El 24 de diciembre las autoridades francesas respondieron a las preguntas de Foodwatch y confirmaron la presencia de cereulida, especificando que Nestlé “había sido alertada por su proveedor e iniciado operaciones de retirada y recuperación”.  

Finalmente, la primera semana de enero se generalizó la descontinuación de fórmulas infantiles de Nestlé, con repercusión en más de sesenta países. Fue en esos mismos días que Foodwatch reveló la magnitud del problema: el ingrediente “culpable” –ácido araquidónico– se estaba utilizando en unas diez fábricas de la multinacional y los productos afectados se estaban distribuyendo por todo el mundo



Problemas que se repiten

En noviembre 2025, una investigación de la ONG suiza Public Eye (Mirada Ciudadana) sobre la adición de azúcar a los alimentos infantiles de Nestlé en África sacó a la luz un nuevo escándalo, prácticamente simultáneo con el de la fórmula infantil. Mediante una carta abierta del 17 de ese mes, una veintena de organizaciones de la sociedad civil de trece países africanos le reclamaba a Nestlé que pusiera fin al doble estándar denunciado por la ONG suiza.

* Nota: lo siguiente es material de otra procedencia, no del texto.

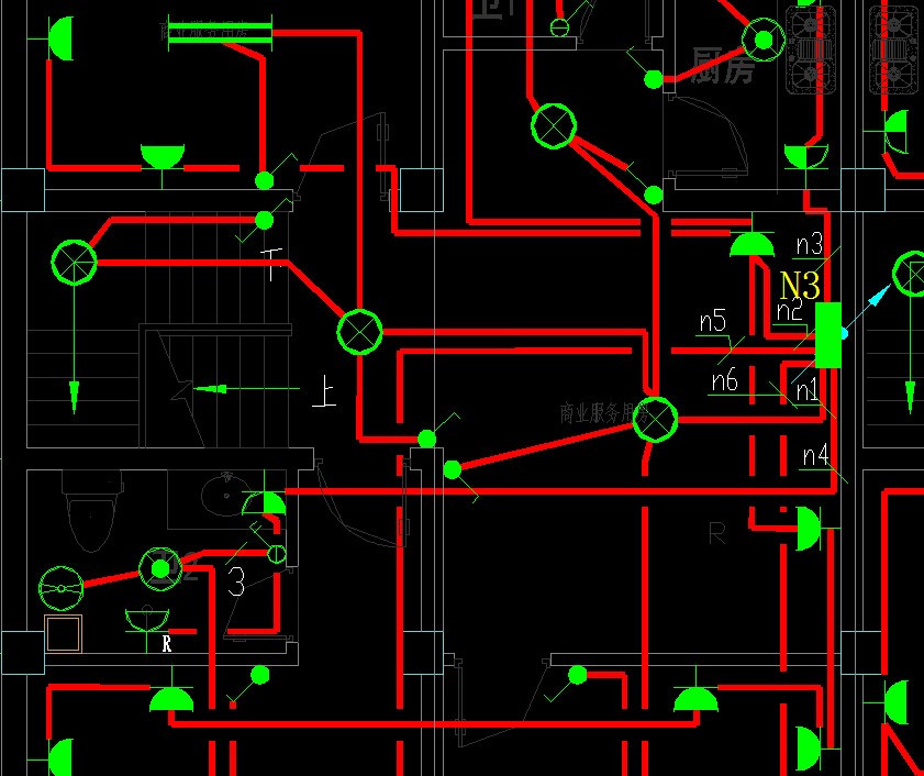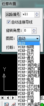 在任意布置对话框中除了可选择自动连接导线,还可调整图层,天正电气默认规定灯具、开关、插座设备,绘制后置于EQUIP-照明层,导线绘制后置于WIRE-照明

“En África, los cereales infantiles que vende Nestlé contienen altos niveles de azúcar añadido, mientras que estos productos no contienen azúcar en Suiza y el resto de Europa. Todos los bebés tienen derecho a una alimentación saludable, independientemente de su nacionalidad o color de piel. Todos los bebés son iguales. Hagan lo correcto. No mañana. No el año que viene. Hoy. El mundo está observando” (https://www.publiceye.ch/fr/thematiques/consommation-critique/les-mensonges-pur-sucre-de-nestle).

Otro escándalo, no menos importante, se había denunciado un año antes sobre el tratamiento ilegal de agua “natural” que Nestlé comercializa en Francia, pero la multinacional argumentó que los tratamientos utilizados son necesarios para garantizar la seguridad del producto. Sin embargo, según especialistas y medios de prensa independientes, parte de esos tratamientos, algunos de los cuales datan de 1993, “no cumplen en absoluto con ‘las necesidades’ de seguridad sanitaria”.

También en 2024 diversas organizaciones, Public Eye entre ellas, habían denunciado la política abusiva de Nestlé con respecto a la adquisición de café producido por cafetaleros mexicanos. Según Public Eye, aun cuando Nestlé prometió que a partir de 2025 también ella sería

“líder del sector desde el punto de vista ético [ya que] el 100% de su producción iba a ser ‘responsable’”, de todos modos, continuó aplicando un régimen de compras despiadado, sobre todo de su café soluble, el famoso Nescafé. Pero nada ha cambiado para los agricultores locales, que tienen que aceptar precios bajísimos, aseguró Public Eye tras investigar el problema en la región cafetalera del Soconusco, al sur de México, donde se produjeron airadas protestas contra la multinacional suiza. La ONG tituló su investigación “Esperanza pulverizada. Cómo Nestlé está llevando a la ruina a los caficultores” (https://stories.publiceye.ch/nescafe-mexiko/).

Poco antes, en 2021, se denunció a Nestlé por la contaminación de una parte de sus Pizzas Buitoni, que causó graves enfermedades.

Y en la década de 1970, en lo que constituye uno de los precedentes históricos del mal comportamiento de esta misma multinacional, cómo olvidar su campaña publicitaria en África desmotivando la lactancia materna para impulsar la venta de su leche en polvo infantil. La misma fue enérgicamente denunciada, en su momento por la organización suiza Declaración de Berna, convertida hoy en Public Eye.

A lo largo de esta extensa serie de escándalos que marcan momentos críticos de unas de las principales empresas mundiales de la alimentación, Nestlé casi siempre ha tratado de dar respuestas. A veces, mostrándose cooperativa y transparente; a veces, incluso disculpándose por lo que pudieron haber sido “errores”. En algunos casos de serias acusaciones, o de demandas judiciales, logró que la sobreseyeran total o parcialmente. Sin embargo, ninguno de sus históricos reflejos y argumentos de autojustificación ha podido despejar las enormes dudas que amplios sectores de la sociedad civil internacional siguen teniendo con respecto a su tan mentada integridad y transparencia. Al igual que todas las multinacionales del sector, la rentabilidad continúa imponiéndose sobre la “ética” de producción y comercialización de la Nestlé.